Could anyone explain me how, or at least explain me what are the NON-TEMPLATE members?
Thanks
The rules of the language have changed since the pattern was invented, although care was taken not to break it. In other words, as far as I can tell, it still works but for different reasons than it originally did. I don't think I would base an attempt at dimensional analysis on this pattern as I think there are better ways of doing that today.
I also think the example is too trivial to be helpful. As already stated the instantiation of equal_comparable<value_type> causes operator== and operator!= for value_type to appear. Since they are non-members it doesn't matter that the inheritance is private, they're still eligable for selection when resolving a call. It's just hard to see the point in this example.

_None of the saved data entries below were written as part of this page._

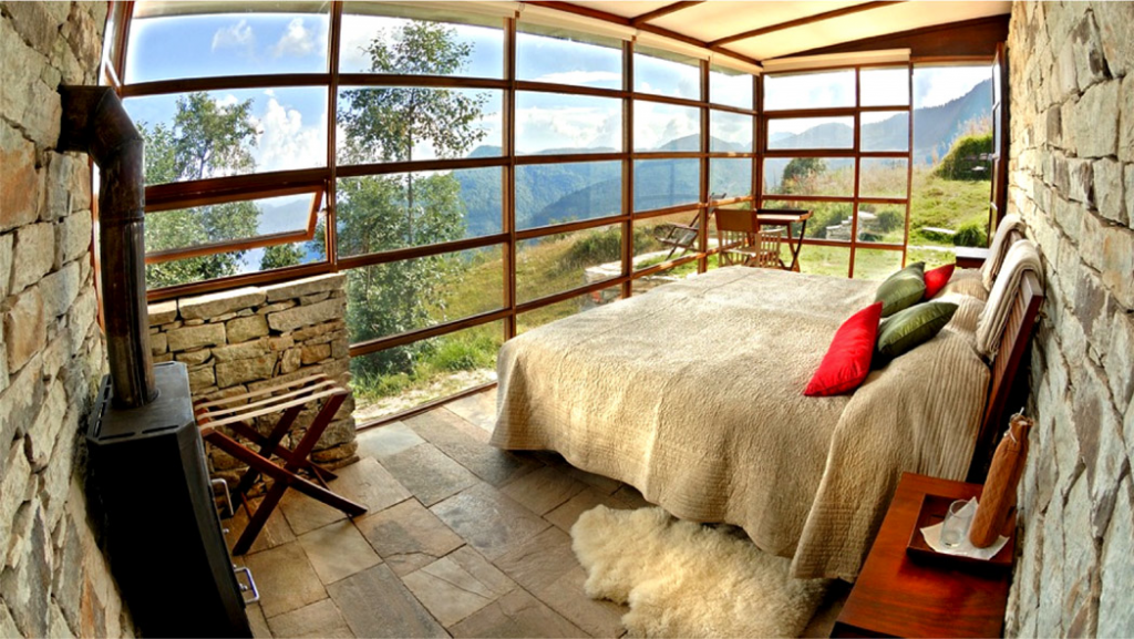 È uno degli hotel affiliati più piccoli di Relais & Châteaux, “mondo” di cui è entrato a far parte nel 2015. Shakti 360° Leti, lodge a oltre 2 mila metri di altitudine nella regione del Kumaon (Uttarakhand, India), è struttura, realizzata nel 2007, meravigliosa combinazione di tecniche di costruzione tradizionali e design contemporaneo, con una vista mozzafiato sulle vette dell’Himalaya. In questa incredibile,e unica collocazione si trovano quattro pavillion-suite e una grande sala da pranzo a vetrate, all’insegna di un lusso fatto di dettagli e mai eccessivo. Ogni abitazione ha anche un patio privato, per chi vuole godersi la vista in solitudine e totale tranquillità. Lo chef Yeshi Lama prepara ogni giorno piatti gourmet, utilizzando ingredienti locali e le verdure dell’orto: un viaggio gastronomico per scoprire le tradizioni indiane, dove non manca qualche incursione più creativa. Ma qui il lusso nasce dal fatto stesso di trovarsi in un luogo così speciale e dall’emozionante esperienza che si vive per raggiungerlo. L’hotel aprirà il 1° ottobre e resterà aperto fino al 20 aprile (con variazioni sulla chiusura dovute al clima). Il soggiorno presso Shakti 360° Leti può essere anche combinato con Shakti Kumaon Village Walks, emozionanti itinerari in case tradizionali ristrutturate. Da Shakti 360° Leti partono diversi itinerari ed escursioni molto interessanti come l’escursione alla cascata (via Gogina), al santuario di Shiva, lungo il fiume Ramganga o alla Khadaa Dhunga (letteralmente “roccia ferma”), fra le altre.
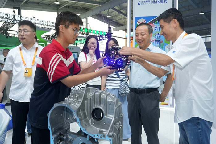 致力于職業(yè)技能人才培養(yǎng)的技師學(xué)院,在互動中呈現(xiàn)世界技能大賽金牌項目——機電一體化的卓越成果,學(xué)院以人機互聯(lián)的3D掃描和工業(yè)機器人吸引了大批參觀者駐足,讓觀眾近距離感受產(chǎn)教融合的創(chuàng)新實踐和“化工+教育”的協(xié)同價值。
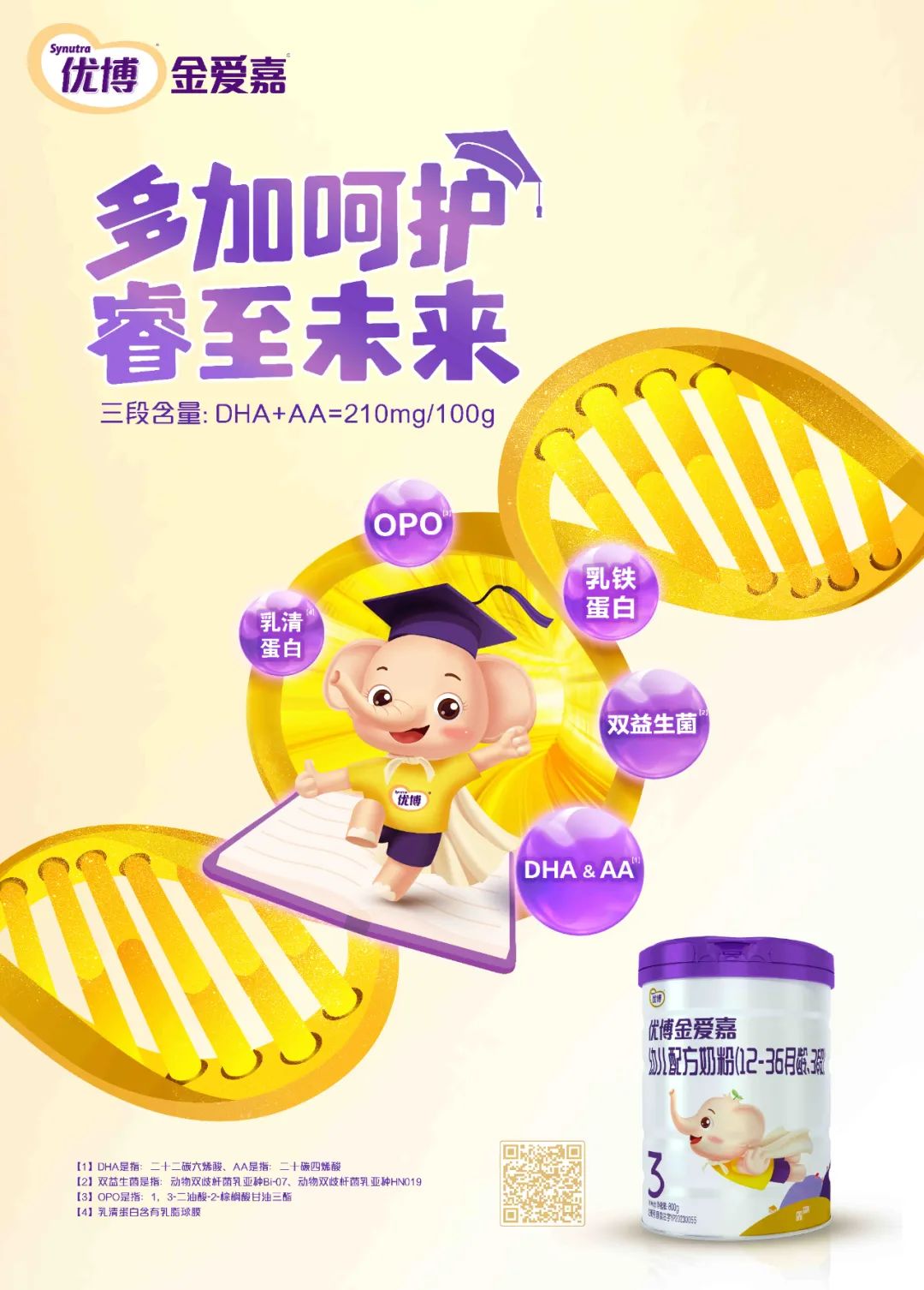 同时,得益于创新研发蓄力,新国标焕新升级“金”牌配方:针对宝宝智力发展的关键需求,优博金爱嘉添加更高含量的DHA+ARA(共计达270mg/100g)、乳脂球膜、胆碱、牛磺酸等17大黄金益智营养;针对宝宝消化吸收和免疫等方面需求,基于优博仿生配方®,精确提高了OPO的含量,并添加三“益”营养(包括两种益生菌和益生元)、活性乳铁蛋白等丰富的营养成分。
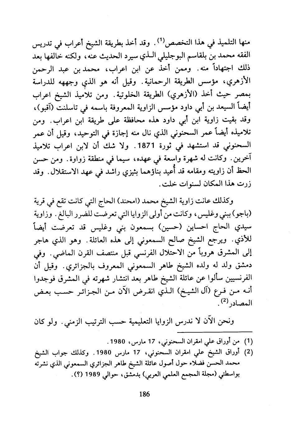 منها التلميذ في هذا التخصص (¬1). وقد أخذ بطريقة الشيخ أعراب في تدريس الفقه محمد بن بلقاسم البوجليلي الذي سيرد الحديث عنه، ولكنه خالفها بعد ذلك اجتهادا منه. وممن أخذ عن ابن اعراب، محمد بن عبد الرحمن الأزهري، مؤسس الطريقة الرحمانية. وقيل أنه هو الذي وجهه للدراسة بمصر حيث أخذ (الأزهري) الطريقة الخلوتية. ومن تلاميذ الشيخ اعراب أيضا السيعد بن أبي داود مؤسس الزاوية المعروفة باسمه في تاسلنت (آقبو)، وقد بقيت زاوية ابن أبي داود هذه محافظة على طريقة ابن اعراب. ومن تلاميذه أيضا عمر السحنوني الذي نال منه إجازة في التوحيد، وقيل أن عمر السحنوني قد استشهد في ثورة 1871. ولا شك أن لابن اعراب تلاميذ آخرين. وكانت له شهرة واسعة في عهده، سيما في منطقة زواوة. ومن حسن الحظ أن زاويته ومقامه قد أعيد بناؤهما بثيزي راشد في عهد الاستقلال. وقد زرت هذا المكان لسنوات خلت.
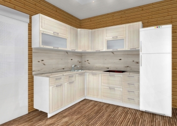Кухня изготовлена из плиты AGT, форма кухни - угловая.
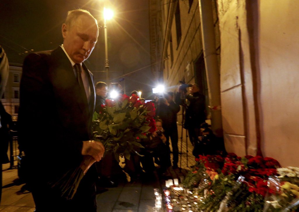 Putin leaves flowers outside blast site in St. Petersburg.pic.twitter.com/dLEdd91XOl
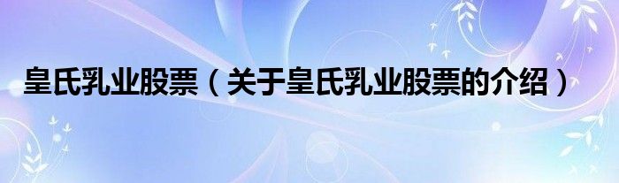 大家好,小都来为大家解答以上的问题。皇氏乳业股票,关于皇氏乳业股票的介绍很多人还不知道,现在让我们一起来看看吧!
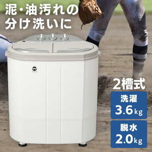 【分け洗いや予洗いをこの1台で】。 【洗濯と脱水」が出来るコンパクトな2槽式洗濯機】。 【標準洗濯 洗濯(約)3.6kg/脱水(約)2.0kg】。 【操作しやすいダイヤル式、丈夫で衛生的なステンレス槽、便利な糸くずフィルター付き】。
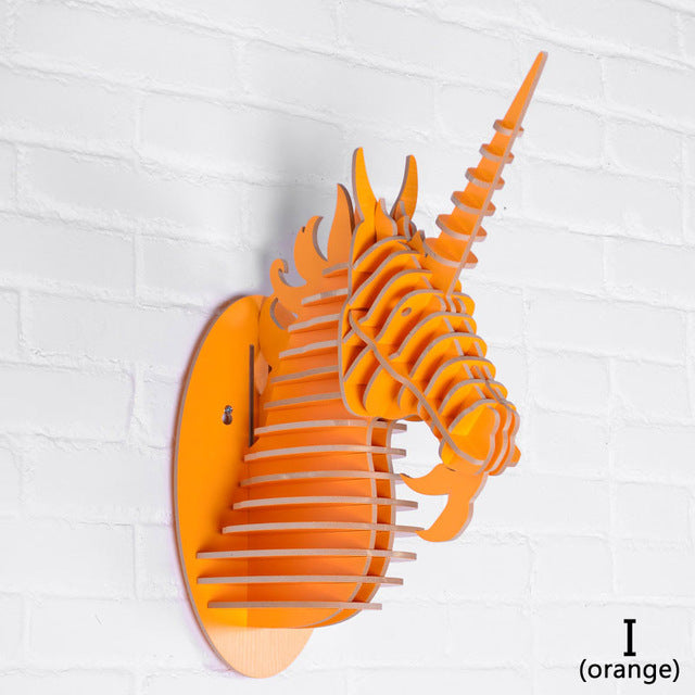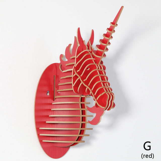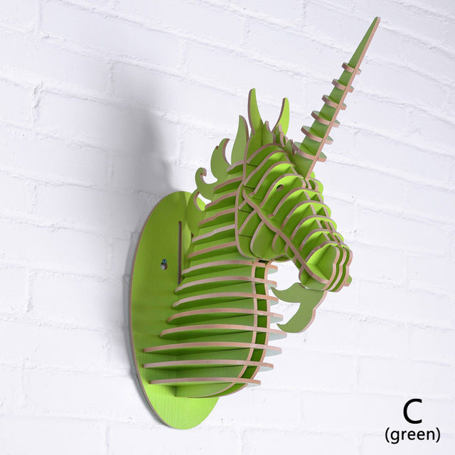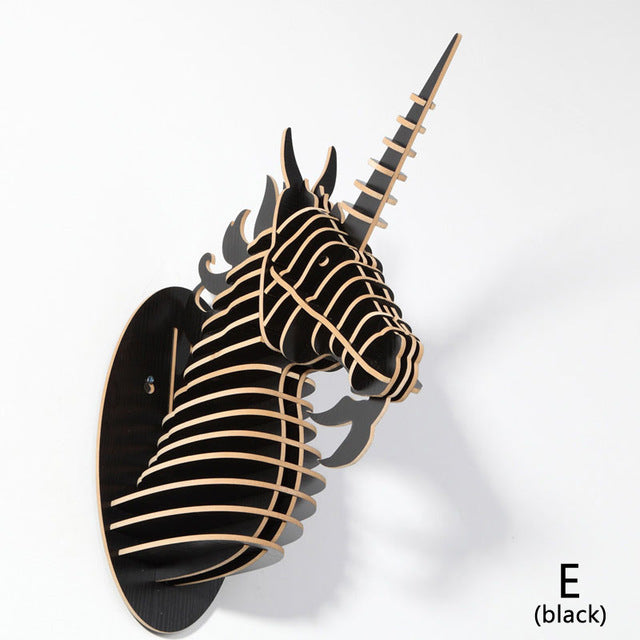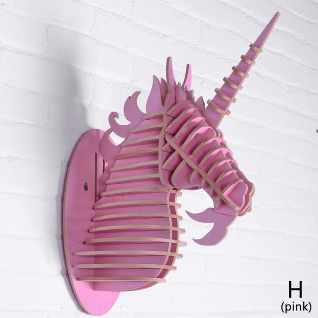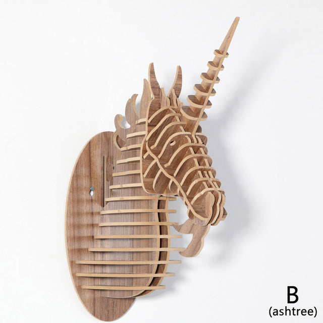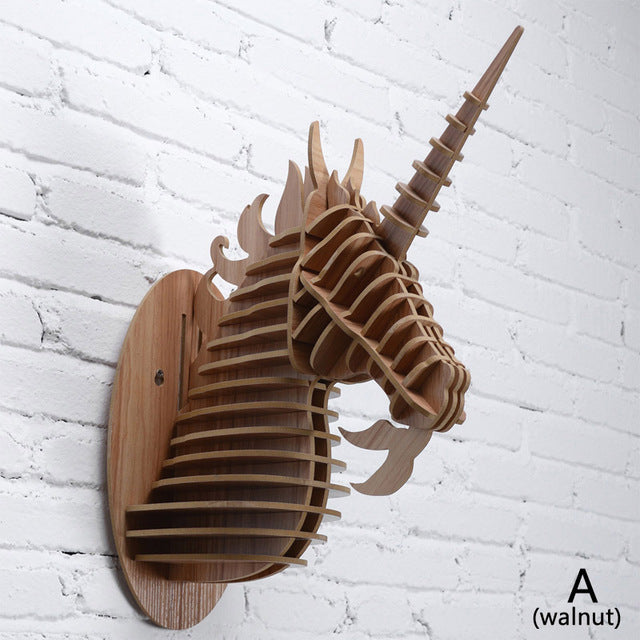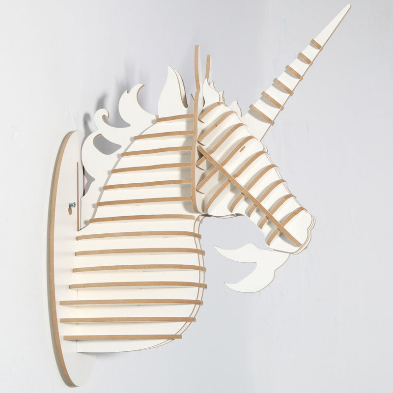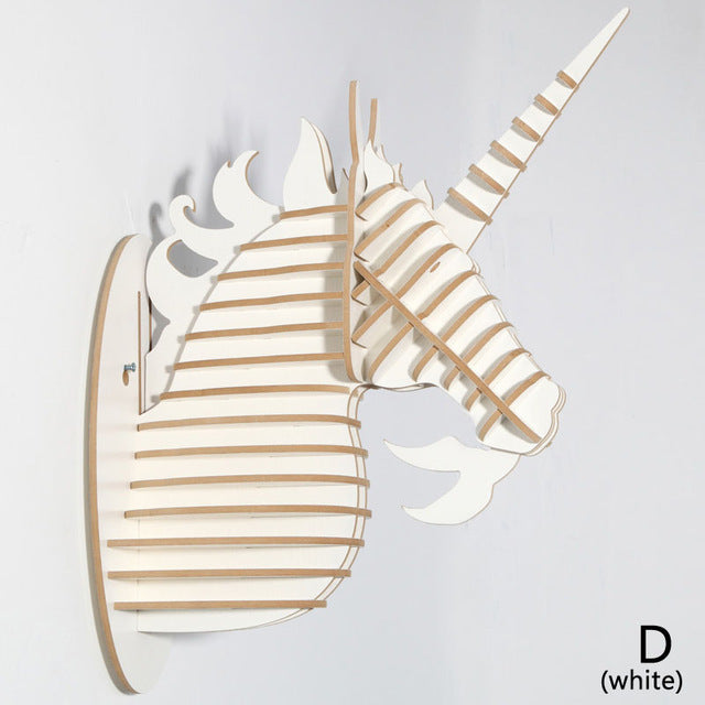 Wood Unicorn Fairy Tale Animal Head White Unicorn In Myth Bible Wood Furniture for Home Decoration Wall Hanging Sculpture

Let's say however, that you add a template parameter to equal_comparable and a few other things:
template<typename U, typename V> class equal_comparable
{
friend bool operator==(U const &a, V const &b) { return a.equal_to(b); }
friend bool operator!=(U const &a, V const &b) { return !a.equal_to(b); }
};
class some_other_type
{
bool equal_to(value_type const& rhs) const;
};
class value_type
: private equal_comparable<value_type>, // value_type comparable to itself
private equal_comparable<some_other_type> // value_type comparable to some_other_type
{
public:
bool equal_to(value_type const& rhs) const;
bool equal_to(some_other_type const& rhs) const;
};
Disclaimer: I have no idea if this is the way it's supposed to be used but I'm reasonably sure that it would work as described.
These are actually nontemplate nonmembers - the comparison operators in the base template - they get used by the ADL for the derived class. A template member would be something like:
class C
{
...
template < typename T > void DoGreatStuff( T t ) { ... }
...
};
The instantiation of equal_comparable<value_type> in value_type class causes the compiler to generate two comparison functions:
friend bool operator==(value_type const &a, value_type const &b) { return a.equal_to(b); }
friend bool operator!=(value_type const &a, value_type const &b) { return !a.equal_to(b); }
These functions are nontemplate since they do not depend on any template parameter, but they are also nonmembers since they are declared as friend.